Source data below:
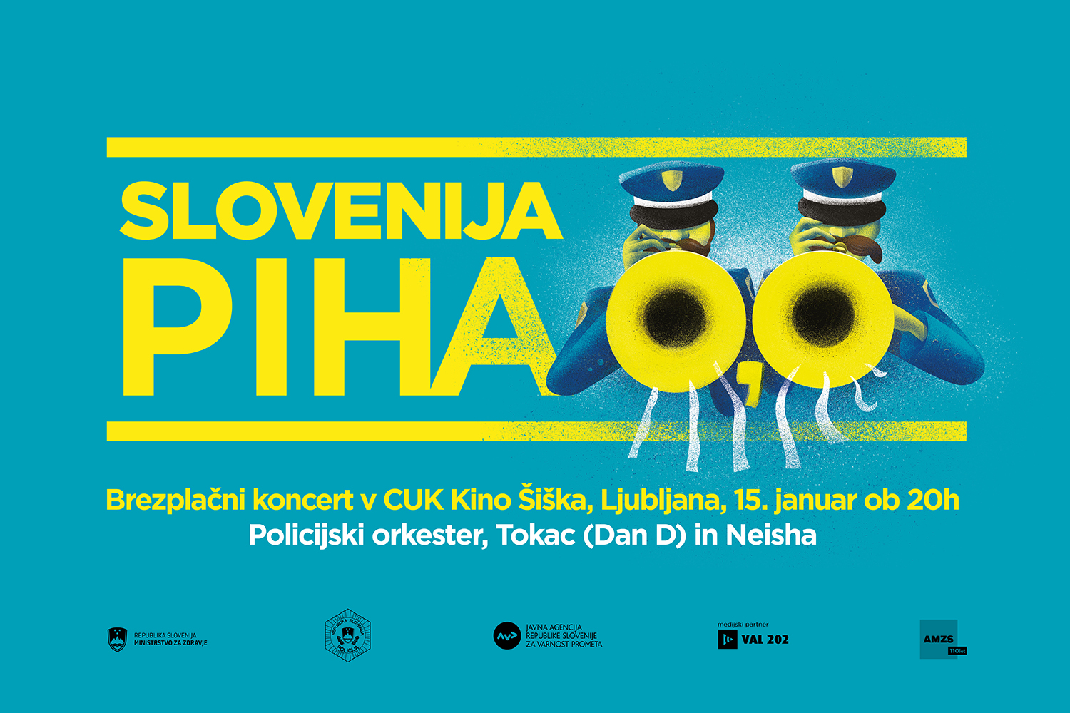 Dobro sprejeta akcija Slovenija piha 0,0, ki se izvaja pod okriljem Ministrstva za zdravje, se bo nadaljevala tudi v decembru in bo potekala od 2. do 20. decembra. Policisti bodo sicer poostreno nadzirali psihofizično stanje voznikov na slovenskih cestah vse do 31. decembra, tisti udeleženci, ki bodo do 20. decembra pri preizkusu alkoholiziranosti napihali 0,0, pa bodo imeli možnost sodelovanja pri žrebu vstopnic za zdaj že tradicionalni koncert Policijskega orkestra z letošnjima gostoma Tomislavom Jovanovićem – Tokcem (Dan D) in Neisho. Koncert bo 15. januarja 2020 v CUK Kino Šiška v Ljubljani. Med decembrskimi treznimi vozniki bo izžrebanih 250 prejemnikov dveh vstopnic za koncert.
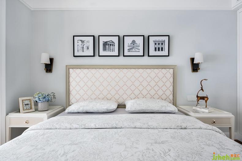 主臥整體舒緩雅致,淺灰色墻面與暖色家具進行搭配,自然的色彩層次過渡,讓室內(nèi)變得更加協(xié)調(diào),床頭四副精致的建筑裝飾畫經(jīng)典又活潑。室內(nèi)設(shè)計師
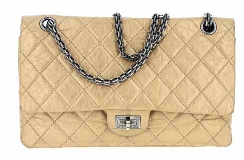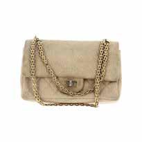 A beige jersey « 2.55 » bag, by Chanel. Circa 1970.
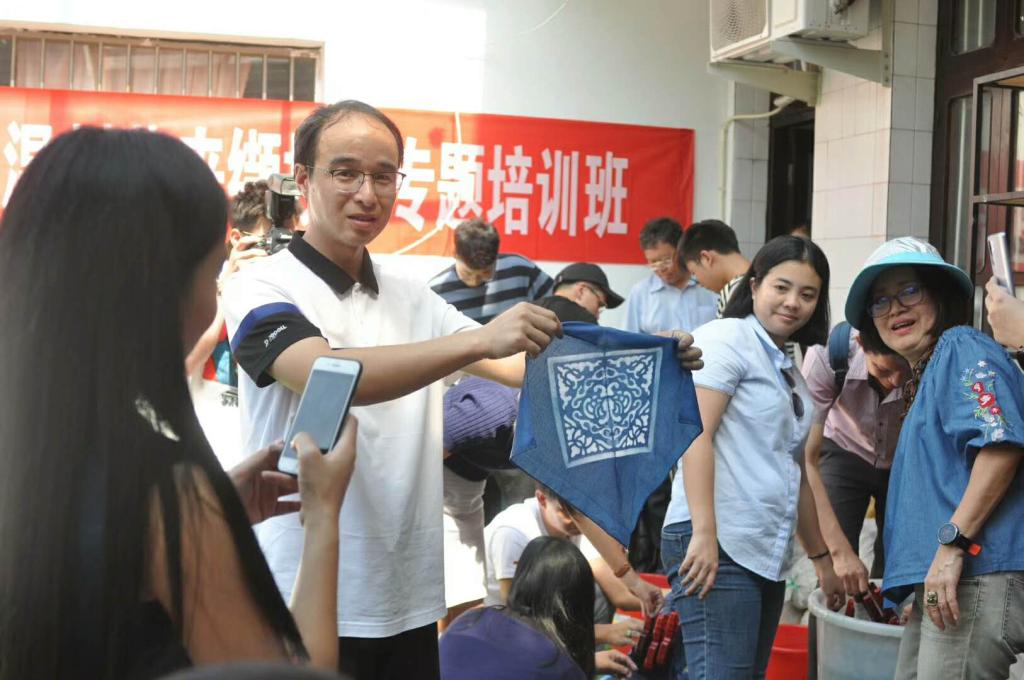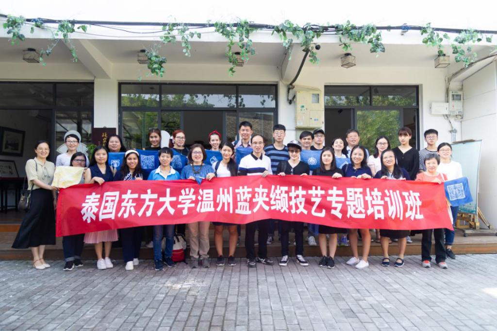 6月5日,泰国东方大学孔子学院二十余位师生走进温州瓯窑小镇我院工业设计工作坊,参加我院组织的温州蓝夹缬技艺专题培训。
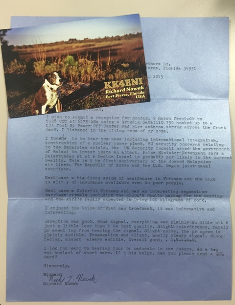 A: Thank you for spreading the word about our contest. We expect many more entries from listeners worldwide in the next 3 months. American listener Richard Nowak sent us a report on our March 9 program at 6175 khz. He used a Grundig Satellite 750 hooked up to a 135-foot Hy Power Off Center Fed wire antenna strung across the front yard of his house in Port Pierce, Florida. He tuned in to hear the news of Vietnam and major world events including the Ukraine crisis, the general election in Pakistan, the joint naval exercises of the Republic of Korea and the US, and the first anniversary of the lost Malaysian flight MH370.
End of Source data.
**What the task requires:** Reproduce exactly the entries from their first line through the line containing "6月5日,泰国东方大学孔子学", including both, and omit any pictures.

**Your solution:**
 Dobro sprejeta akcija Slovenija piha 0,0, ki se izvaja pod okriljem Ministrstva za zdravje, se bo nadaljevala tudi v decembru in bo potekala od 2. do 20. decembra. Policisti bodo sicer poostreno nadzirali psihofizično stanje voznikov na slovenskih cestah vse do 31. decembra, tisti udeleženci, ki bodo do 20. decembra pri preizkusu alkoholiziranosti napihali 0,0, pa bodo imeli možnost sodelovanja pri žrebu vstopnic za zdaj že tradicionalni koncert Policijskega orkestra z letošnjima gostoma Tomislavom Jovanovićem – Tokcem (Dan D) in Neisho. Koncert bo 15. januarja 2020 v CUK Kino Šiška v Ljubljani. Med decembrskimi treznimi vozniki bo izžrebanih 250 prejemnikov dveh vstopnic za koncert.
 主臥整體舒緩雅致,淺灰色墻面與暖色家具進行搭配,自然的色彩層次過渡,讓室內(nèi)變得更加協(xié)調(diào),床頭四副精致的建筑裝飾畫經(jīng)典又活潑。室內(nèi)設(shè)計師
 A beige jersey « 2.55 » bag, by Chanel. Circa 1970.
 6月5日,泰国东方大学孔子学院二十余位师生走进温州瓯窑小镇我院工业设计工作坊,参加我院组织的温州蓝夹缬技艺专题培训。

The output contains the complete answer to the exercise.